[英]Trying to extract a string of text pattern from the beginning and the end of a cell in Excel
I have the following data and what I would like to see on the column result:我有以下数据以及我希望在列结果中看到的内容:
Data数据 | Result结果 |
---|---|
PN 65011:2020text text text PN 65011:2020 PN 65011:2020text text text PN 65011:2020 | PN 65011:2020, PN 65011:2020 PN 65011:2020, PN 65011:2020 |
PN 45014-1:2017text text text text PN 65014-1:2017 PN 8726-1:2017/P11:2020 PN 45014-1:2017 文本 文本 文本 文本 PN 65014-1:2017 PN 8726-1:2017/P11:2020 | PN 45014-1:2017, PN 65014-1:2017, PN 8726-1:2017/P11:2020 PN 45014-1:2017、PN 65014-1:2017、PN 8726-1:2017/P11:2020 |
PN 6534:2020text text text text PN 6534:2020文本文本文本文本 | PN 6534:2020 PN 6534:2020 |
PN 65014-1:2017text text text text PN 65014-1:2017/PC1:2013 PN 65014-1:2017 文本 文本 文本 文本 PN 65014-1:2017/PC1:2013 | PN 65014-1:2017,PN 65014-1:2017/PC1:2013 PN 65014-1:2017,PN 65014-1:2017/PC1:2013 |
PN ESO 67345:2019text text text PN 65018-1:2019/PC2:2020 PN ESO 67345:2019text text text PN 65018-1:2019/PC2:2020 | PN ESO 67345:2019, PN 65018-1:2019/PC2:2020 PN ESO 67345:2019、PN 65018-1:2019/PC2:2020 |
PN ESO/EOC 5320:2013text text text PN ESO 27380:2019 PN 65015-1:2020/PC:2021 PN ESO/EOC 5320:2013text text text PN ESO 27380:2019 PN 65015-1:2020/PC:2021 | PN ESO/EOC 5320:2013, PN ESO 27380:2019, PN 65015-1:2020/PC:2021 PN ESO/EOC 5320:2013、PN ESO 27380:2019、PN 65015-1:2020/PC:2021 |
I have used ="PN "&TEXTJOIN(", PN ",1,IF(ISNUMBER(SEARCH("/",TRIM(MID(SUBSTITUTE(A2,"PN ",REPT(" ",LEN(A2))),(ROW(INDIRECT("1:"&LEN(A2))))*LEN(A2)-(LEN(A2)-1),LEN(A2))))),TRIM(MID(SUBSTITUTE(A2,"PN ",REPT(" ",LEN(A2))),(ROW(INDIRECT("1:"&LEN(A2))))*LEN(A2)-(LEN(A2)-1),LEN(A2))),LEFT(TRIM(MID(SUBSTITUTE(A2,"PN ",REPT(" ",LEN(A2))),(ROW(INDIRECT("1:"&LEN(A2))))*LEN(A2)-(LEN(A2)-1),LEN(A2))),MIN(IFERROR(FIND({" "},LOWER(TRIM(MID(SUBSTITUTE(A2,"PN ",REPT(" ",LEN(A2))),(ROW(INDIRECT("1:"&LEN(A2))))*LEN(A2)-(LEN(A2)-1),LEN(A2))))),""))-1)))

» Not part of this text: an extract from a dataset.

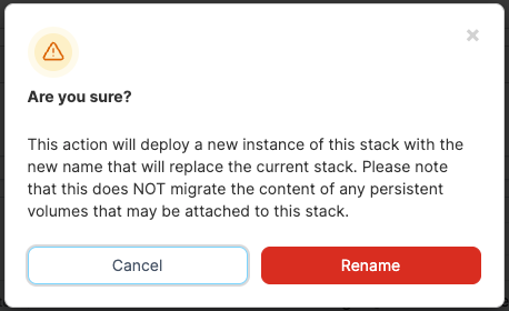 Renaming creates a new stack instance and does not transfer the content of any persistent volumes that may be attached to the stack. Acknowledge this warning and confirm the migration by clicking Rename.

我用过="PN "&TEXTJOIN(", PN ",1,IF(ISNUMBER(SEARCH("/",TRIM(MID(SUBSTITUTE(A2,"PN ",REPT(" ",LEN(A2))),(ROW(INDIRECT("1:"&LEN(A2))))*LEN(A2)-(LEN(A2)-1),LEN(A2))))),TRIM(MID(SUBSTITUTE(A2,"PN ",REPT(" ",LEN(A2))),(ROW(INDIRECT("1:"&LEN(A2))))*LEN(A2)-(LEN(A2)-1),LEN(A2))),LEFT(TRIM(MID(SUBSTITUTE(A2,"PN ",REPT(" ",LEN(A2))),(ROW(INDIRECT("1:"&LEN(A2))))*LEN(A2)-(LEN(A2)-1),LEN(A2))),MIN(IFERROR(FIND({" "},LOWER(TRIM(MID(SUBSTITUTE(A2,"PN ",REPT(" ",LEN(A2))),(ROW(INDIRECT("1:"&LEN(A2))))*LEN(A2)-(LEN(A2)-1),LEN(A2))))),""))-1)))
And I almost get what I would like to see, except for the last row (PN ESO 5320:2013), I don't get the numbers.我几乎得到了我想看到的内容,除了最后一行(PN ESO 5320:2013),我没有得到数字。 It stops at PN ESO.它停在 PN ESO。 Like this:像这样:
Data数据 | Result结果 |
---|---|
PN ESO/EOC 5320:2013text text PN ESO 27380:2019 text PN 65015-1:2020/PC:2021 PN ESO/EOC 5320:2013 文本 PN ESO 27380:2019 文本 PN 65015-1:2020/PC:2021 | PN ESO/EOC, PN ESO PN ESO/EOC,PN ESO |
Any ideas on how I can get the entire reference?关于如何获得整个参考的任何想法?
Thank you very much in advance.非常感谢您提前。
Here is an example on how you could approach this using Excel O365这是一个关于如何使用 Excel O365 来解决此问题的示例
Formula in B2
: B2
中的公式:
=TEXTJOIN(", ",,LET(X,FILTERXML("<t><s>"&SUBSTITUTE(A2,"PN ","</s><s>PN ")&"</s></t>","//s[position() > 1]"),Y,LEFT(X,FIND("|",SUBSTITUTE(X,":","|",LEN(X)-LEN(SUBSTITUTE(X,":",""))))+4),Y))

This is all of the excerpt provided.